The only two $x_0\in\partial\overline{B^1}=\{-1,1\}$ are $-1$ and $1$. Because $(-1,0)$ and $(1,0)$ lie on the same line through the origin, we can notice that $\Phi(-1)=q(-1,0)=q(1,0)=\Phi(1)$, so indeed $\Phi$'s restriction to the boundary has image contained in a zero-cell - which is just a singleton - given by $e_0\to\Bbb RP^1$, $\ast\mapsto q(1,0)=q(-1,0)$.

Therefore, these maps meet the "C" - closure-finite - criterion. The target space is Hausdorff. The "W" - criterion is automatically met since you've only got finitely many cells, and the criterion that the target space is the disjoint union of the "open" cells is also met, but I recommend you take a moment to think about that.

Therefore (by the Whitehead definition / criterion) $\Phi$ together with the map $e_0\to\Bbb RP^1$ assemble to a cellulation of $\Bbb RP^1$ as $e_0\cup e_1$.

Answer 2

How do I go about showing this has a cell decomposition of one $0$-cell $e^0$ and one $1$-cell $e^1$?

I guess you somewhere got the information that this is true. If you assume it as true, then in fact $e^0 \cup e^1$ must be a copy of $S^1$ because there is only one map $\partial D^1 = S^0 \to e^0$ so that $e^0 \cup e^1 = D^1/S^0 \approx S^1$.

Thus a strategy could be to prove that $\mathbb RP^1 \approx S^1$. This is easy; see for example Help understand the construction of the real projective line $\mathbb{R}P^1$.

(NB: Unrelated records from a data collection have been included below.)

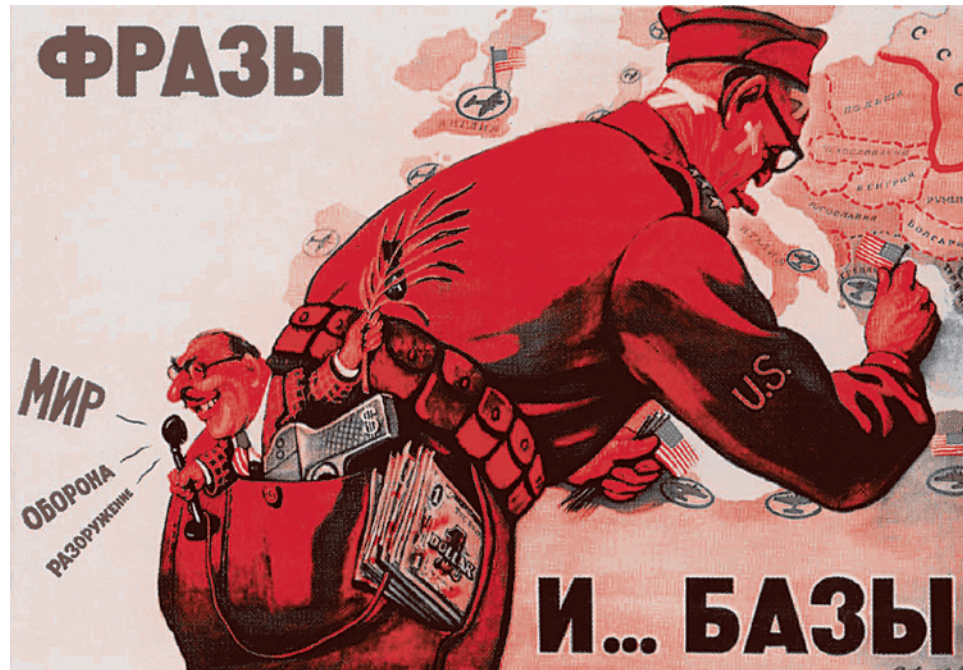
Советский плакат времен холодной войны. В.Говорков. Фразы... и базы. 1952 г.

Наконец, наибольшее внимание с некоторых пор США уделяют бывшим средне-
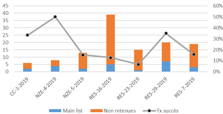
Participations et tx de succès/topic - France

Résultats des français vs résultats tous participants
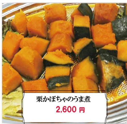
栗かぼちゃのうま煮 2,600 円
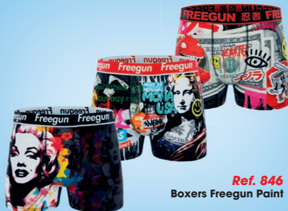
Ref. 846 Boxers Freegun Paint
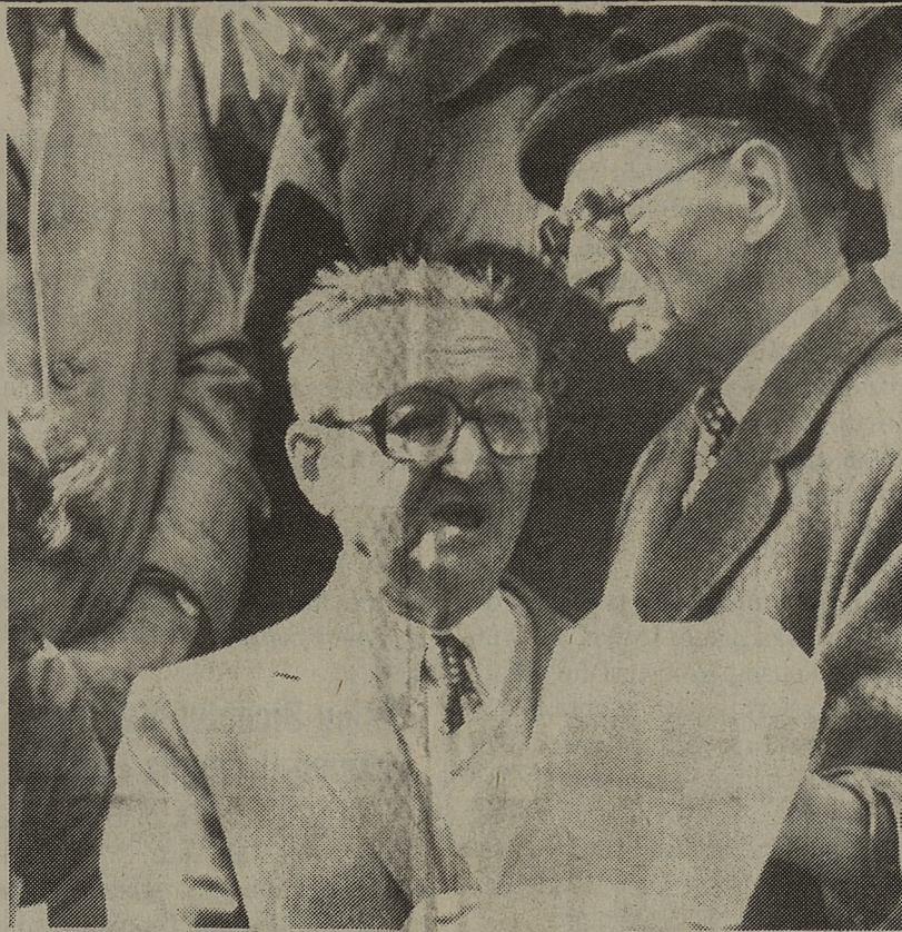
WARSZAWA — Podczas niezależnych manifestacji z okazji 45 rocznicy powstania w getcie warszawskim przemówienie wygłosił Marek Edelman, ostatni żyjący przywódca żydowskich powstańców.

Parę dni temu wybuch bomby uszkodził zabudowania jednego z barcelońskich banków. Nikt wtedy nie odniósł obrażeń.
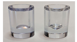
ウェット捕集用 バイアル
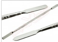
Espátula profesional de desmontaje para móviles y Smartphones
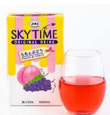
▲JAL機内限定飲料「スカイタイム」を提供
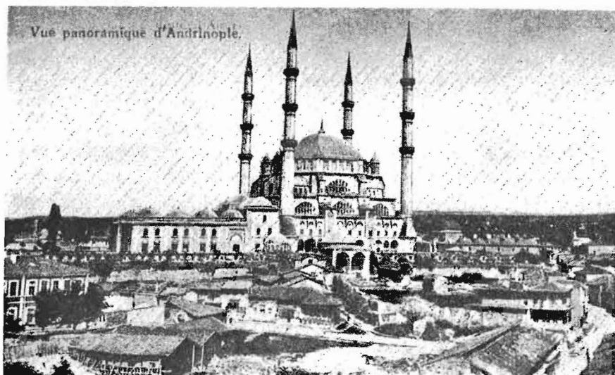
Ἡ Ἀδριανούπολη στὰ τέλη τοῦ 19ου αἰ. Διακρίνεται καὶ κυριαρχεῖ τὸ ἐπιβλητικὸ τέμενος (τζαμί) τοῦ Σελίμ Β' (1566-1574), κτίσμα τῆς ἐποχῆς τοῦ σουλτάνου αὐτοῦ.

A more systematic approach is this:

It is well-known that $\mathbb RP^1$ can alternatively be defined as the quotient of $S^1$ by identifying all pairs $z, -z$ of antipodal points. For a formal proof see When is the restriction of a quotient map $p : X \to Y$ to a retract of $X$ again a quotient map?

Now obviously $S^1 \subset \mathbb R^2$ has a CW-structure given by

• Two $0$-cells $d^0_\pm = \{ (\pm 1,0) \}$.

• Two open $1$-cells $d^1_\pm = \{ (x,y) \mid x^2 + y^2 = 1, (-1)^{\pm 1} y > 0 \}$.

Characterstic maps for $d^1_\pm$ are $\phi^1_\pm : D^1 \to S^1, \phi^1_\pm(x) = (x, \pm \sqrt{1 - x^2})$.

For $i = 0,1$ we have $p(d^i_+) = p(d^i_-) =: e^i$. Obviously $p$ maps both $d^i_\pm$ hoemomorphically onto $e^i$. Now by construction $e^0,e^1$ form an open cell decomposition of $\mathbb RP^1$. The characterstic map for $e^1$ is induced by those for the $1$-cells of $S^1$, i.e. we have $\psi^1 = p\phi^1_\pm$.